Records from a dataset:
┏━━
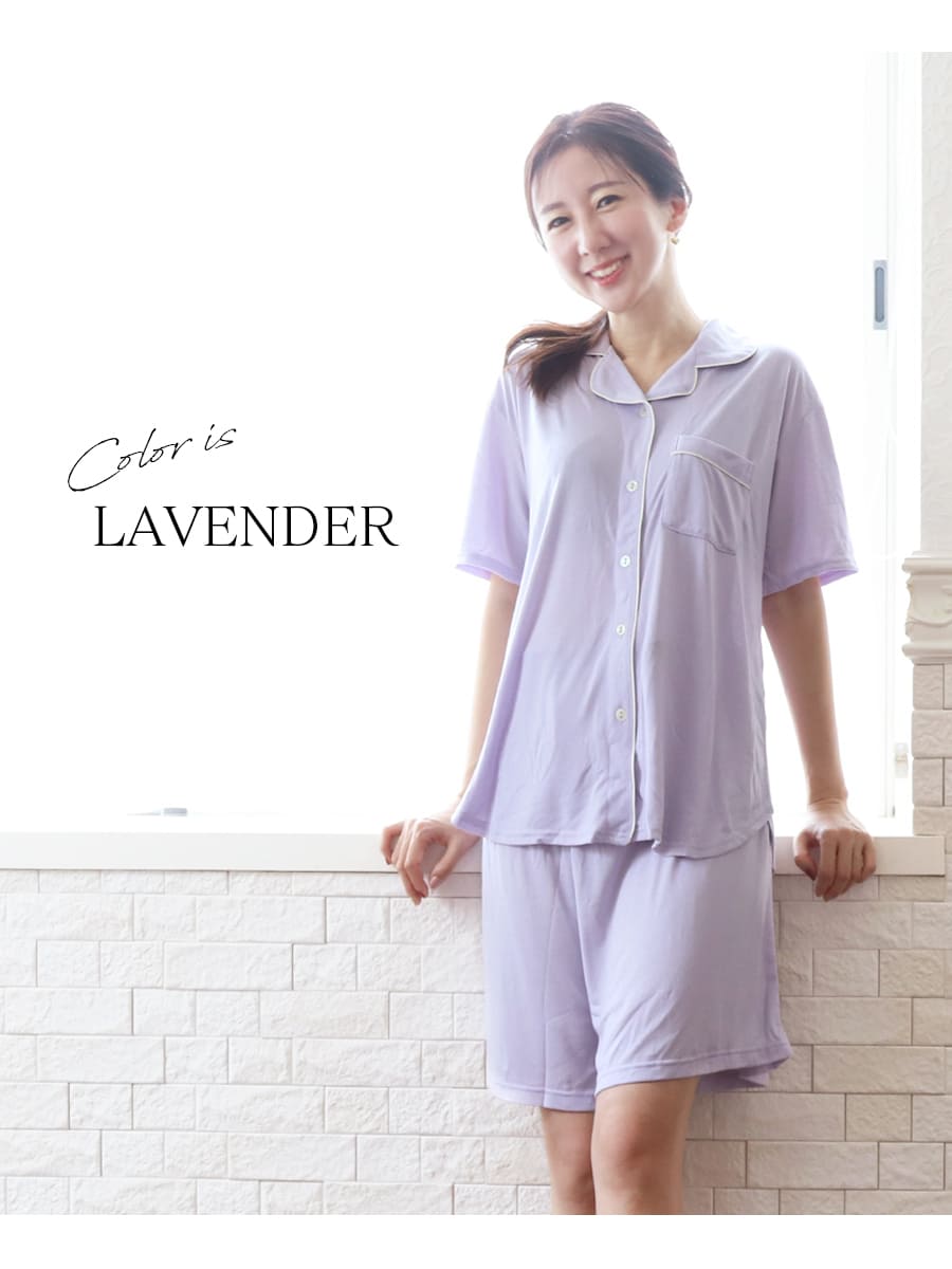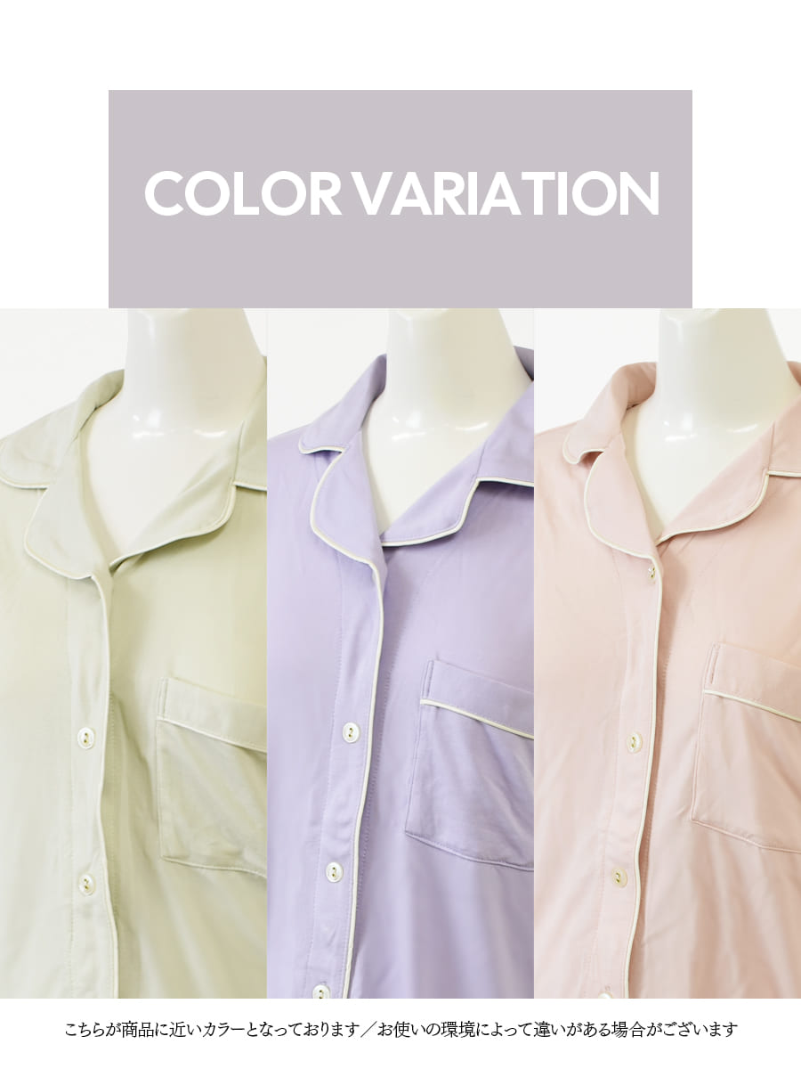 衿もとと胸ポケットの配色パイピングが上品でおしゃれなアクセントになった、やわらかなレーヨン素材が心地良いパジャマ上下セットです。
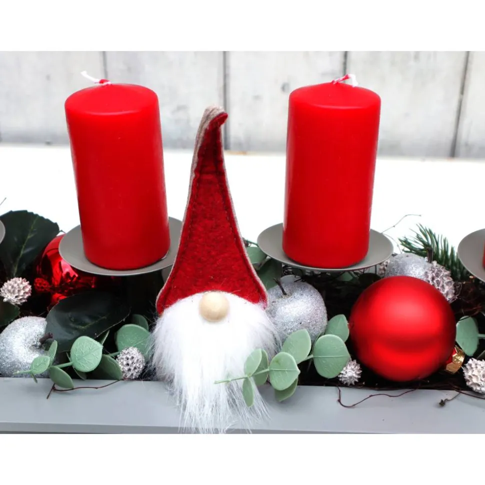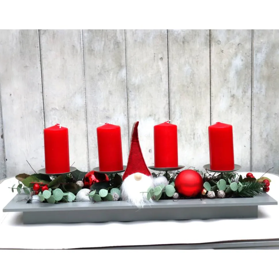 Wunderschönes modernes Adventsgesteck in rot, grün und weiß. An diesem Gesteck haben Sie lange Freude, da alle verwendeten Materialien lange haltbar sind, Sie brauchen nur die Kerzen auszutauschen. Das schicke Holztablett mit integrierten Kerzenhaltern wurde mit jeder Menge toller Materialien dekoriert.
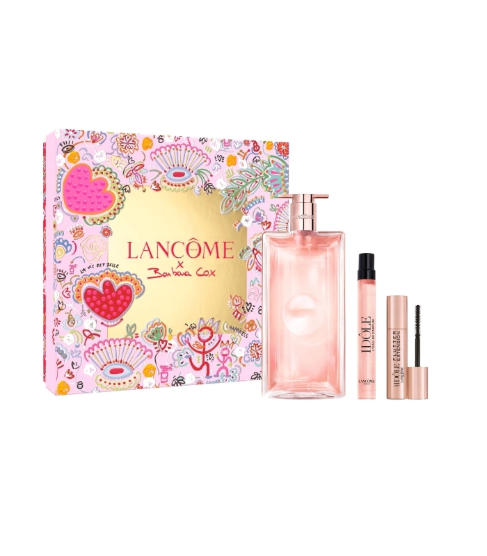 This set contains: Idôle Eau de Parfum 50ml - Idôle Eau de Parfum 10ml - Lash Idôle Flutter Extension 01 Noir 2ml
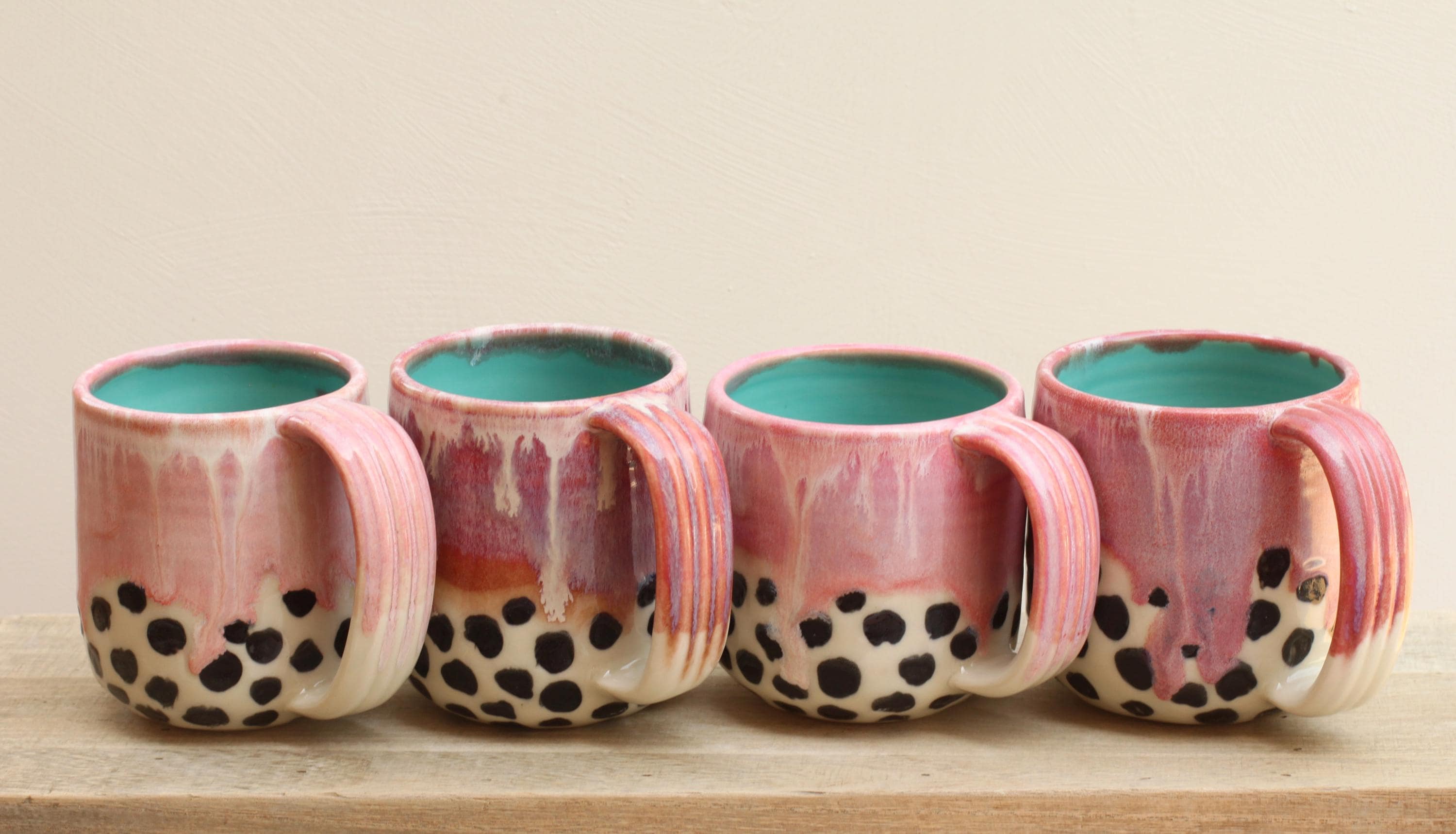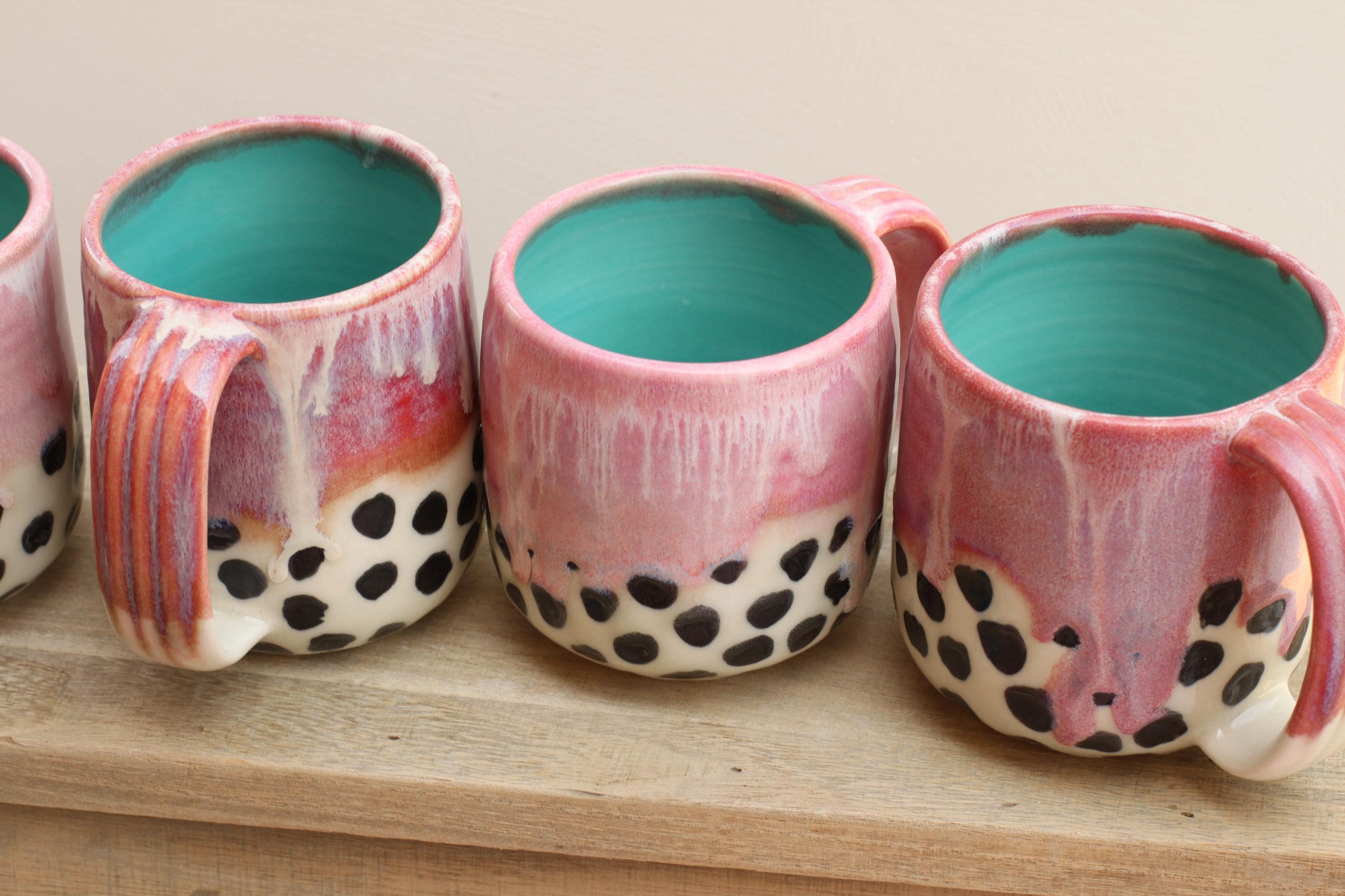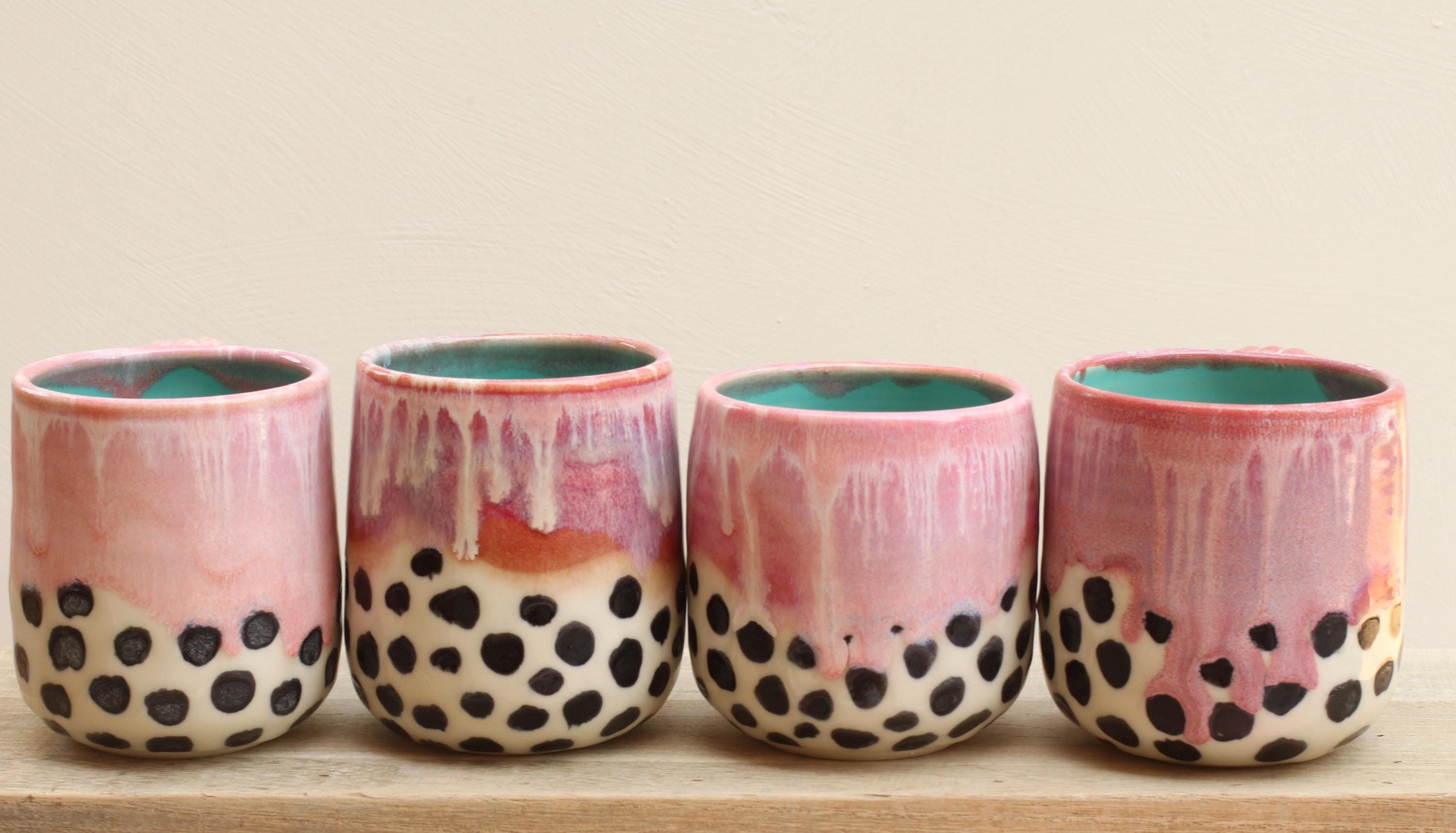 Each mug is wheel thrown using porcelain and layered with glazes. Bottom half of mug has black spot pattern with a clear glaze. We glaze and then fire the piece in the kiln to over 2200~F. The mug is food, microwave, and dishwasher safe.
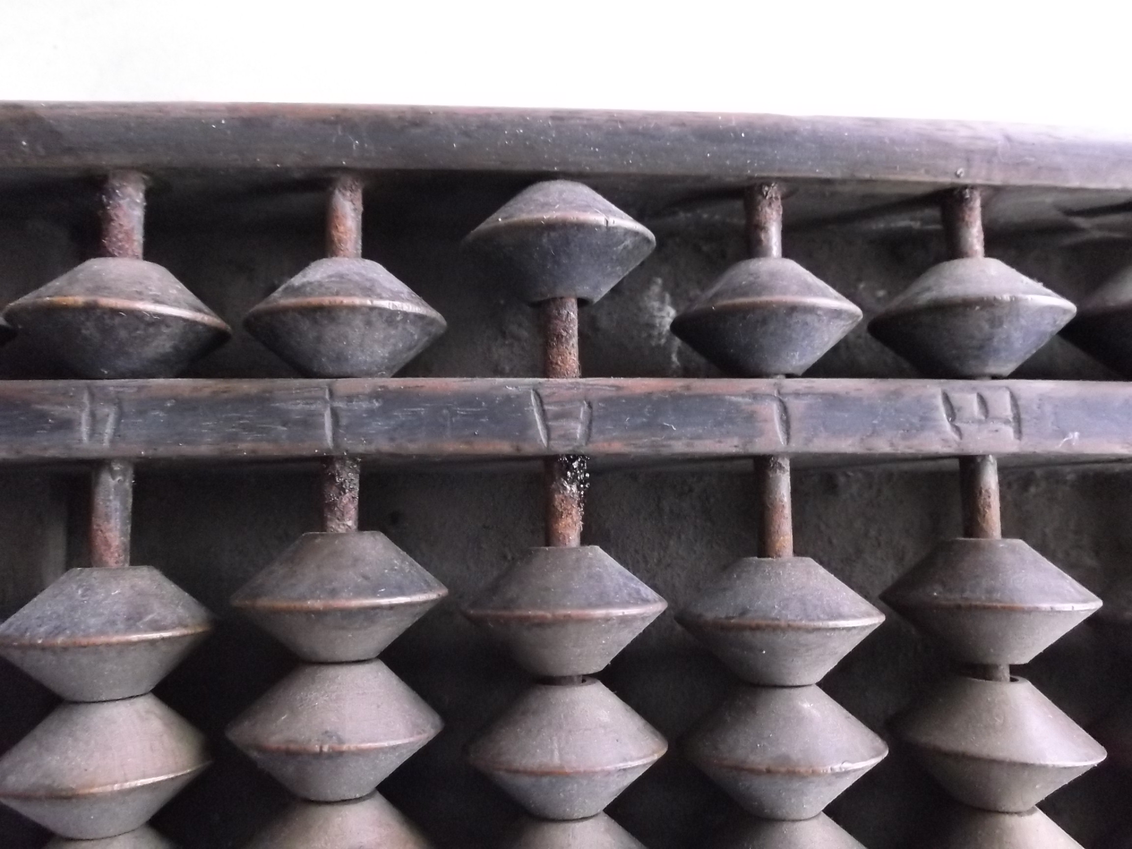 そろばんです。 相当な年季の入った、珍品。 使い込んだ様子が解かりますねェ、、、。
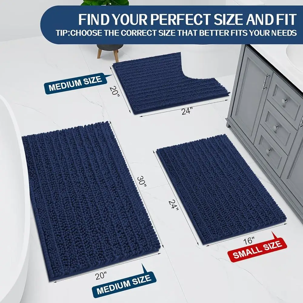 Ultra Soft Shaggy Bath Rug Thick Microfiber Absorbent Non-Slip Bathroom Mat Quick Dry Machine Washable Plush Carpet Home Decor
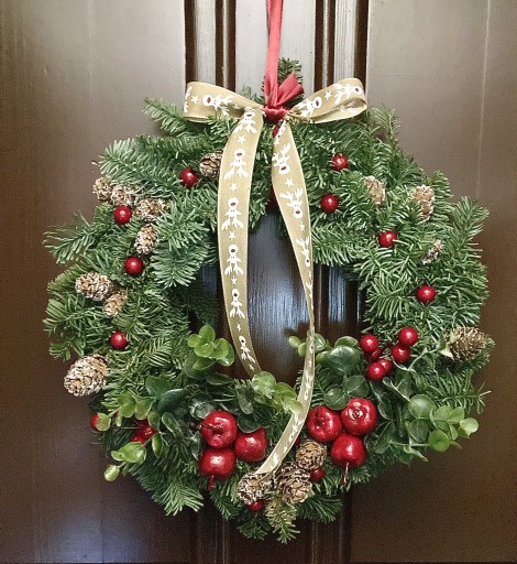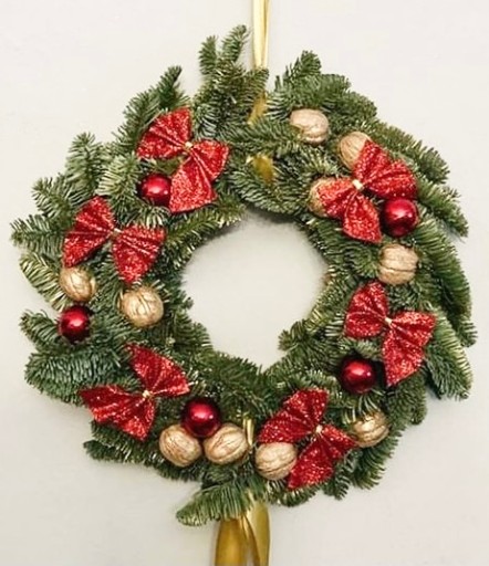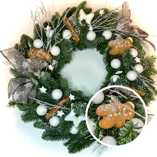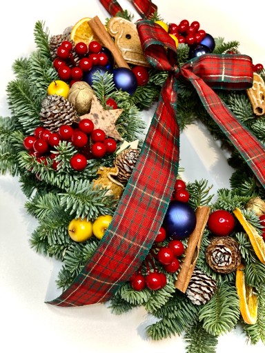 Wianek bożonarodzeniowy na drzwi stroik ŻYWY jodła
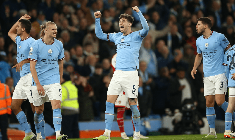İngiltere Premier Lig’in 33. hafta mücadelesinde lider Arsenal, Manchester City ile Etihad Stadyumu’nda karşı karşıya geldi. Ev sahibi, mücadelenin 7. dakikasında Kevin De Bruyne ile 1-0 öne geçti. Manchester City, 45+3. dakikada John Stones ile farkı 2’ye çıkardı soyunma odasına 2-0 önde girdi. Karşılaşmanın 54. dakikasında Kevin De Bruyne ile bir gol daha bulan maviler, skoru 3-0 yaptı. Arsenal, 86. dakikada Rob Holding’in golüyle farkı 2’ye indirse de 90+5. dakikada Erling Haaland skorun belirleyen golü kaydetti. (4-1)
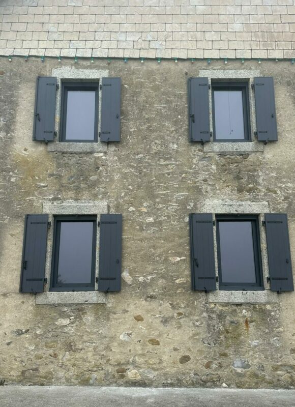 Les volets ont été installés sur plusieurs ouvertures de la façade, apportant une solution durable et esthétique adaptée à l’architecture du bâtiment.
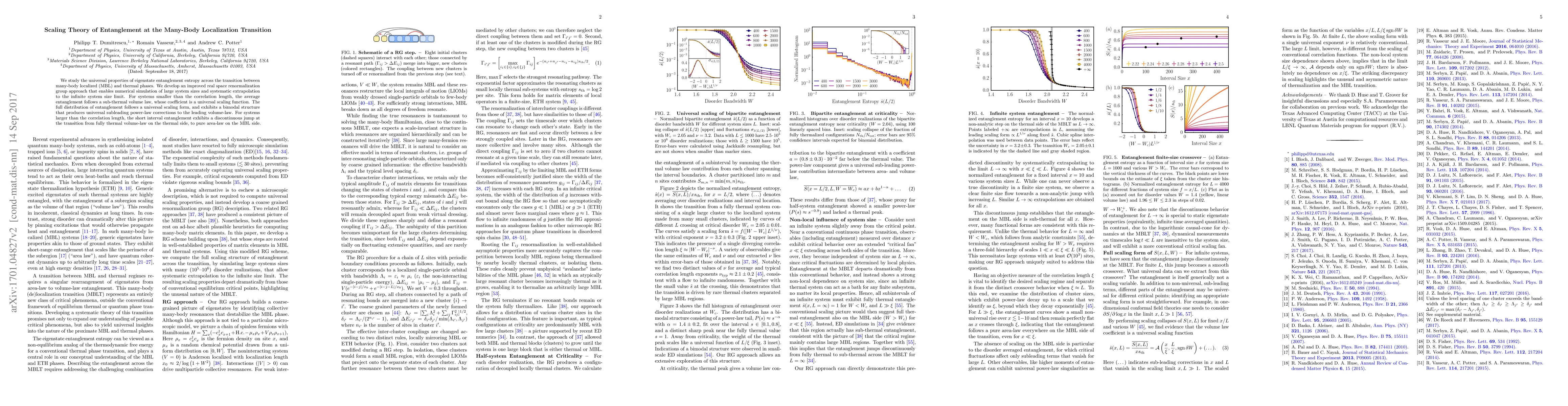 We study the universal properties of eigenstate entanglement entropy across the transition between many-body localized (MBL) and thermal phases. We develop an improved real space renormalization group approach that enables numerical simulation of large system sizes and systematic extrapolation to the infinite system size limit. For systems smaller than the correlation length, the average entanglement follows a sub-thermal volume law, whose coefficient is a universal scaling function. Furthermore, the full distribution of entanglement follows a universal scaling form, and exhibits a bimodal structure that produces universal subleading power-law corrections to the leading volume-law. For systems larger than the correlation length, the short interval entanglement exhibits a discontinuous jump across the transition from fully thermal volume-law on the thermal side, to a pure area-law on the MBL side.
┗━━
When copying the entries above, keep each word as it is and exclude any image.

 衿もとと胸ポケットの配色パイピングが上品でおしゃれなアクセントになった、やわらかなレーヨン素材が心地良いパジャマ上下セットです。
 Wunderschönes modernes Adventsgesteck in rot, grün und weiß. An diesem Gesteck haben Sie lange Freude, da alle verwendeten Materialien lange haltbar sind, Sie brauchen nur die Kerzen auszutauschen. Das schicke Holztablett mit integrierten Kerzenhaltern wurde mit jeder Menge toller Materialien dekoriert.
 This set contains: Idôle Eau de Parfum 50ml - Idôle Eau de Parfum 10ml - Lash Idôle Flutter Extension 01 Noir 2ml
 Each mug is wheel thrown using porcelain and layered with glazes. Bottom half of mug has black spot pattern with a clear glaze. We glaze and then fire the piece in the kiln to over 2200~F. The mug is food, microwave, and dishwasher safe.
 そろばんです。 相当な年季の入った、珍品。 使い込んだ様子が解かりますねェ、、、。
 Ultra Soft Shaggy Bath Rug Thick Microfiber Absorbent Non-Slip Bathroom Mat Quick Dry Machine Washable Plush Carpet Home Decor
 Wianek bożonarodzeniowy na drzwi stroik ŻYWY jodła
İngiltere Premier Lig’in 33. hafta mücadelesinde lider Arsenal, Manchester City ile Etihad Stadyumu’nda karşı karşıya geldi. Ev sahibi, mücadelenin 7. dakikasında Kevin De Bruyne ile 1-0 öne geçti. Manchester City, 45+3. dakikada John Stones ile farkı 2’ye çıkardı soyunma odasına 2-0 önde girdi. Karşılaşmanın 54. dakikasında Kevin De Bruyne ile bir gol daha bulan maviler, skoru 3-0 yaptı. Arsenal, 86. dakikada Rob Holding’in golüyle farkı 2’ye indirse de 90+5. dakikada Erling Haaland skorun belirleyen golü kaydetti. (4-1)
 Les volets ont été installés sur plusieurs ouvertures de la façade, apportant une solution durable et esthétique adaptée à l’architecture du bâtiment.
 We study the universal properties of eigenstate entanglement entropy across the transition between many-body localized (MBL) and thermal phases. We develop an improved real space renormalization group approach that enables numerical simulation of large system sizes and systematic extrapolation to the infinite system size limit. For systems smaller than the correlation length, the average entanglement follows a sub-thermal volume law, whose coefficient is a universal scaling function. Furthermore, the full distribution of entanglement follows a universal scaling form, and exhibits a bimodal structure that produces universal subleading power-law corrections to the leading volume-law. For systems larger than the correlation length, the short interval entanglement exhibits a discontinuous jump across the transition from fully thermal volume-law on the thermal side, to a pure area-law on the MBL side.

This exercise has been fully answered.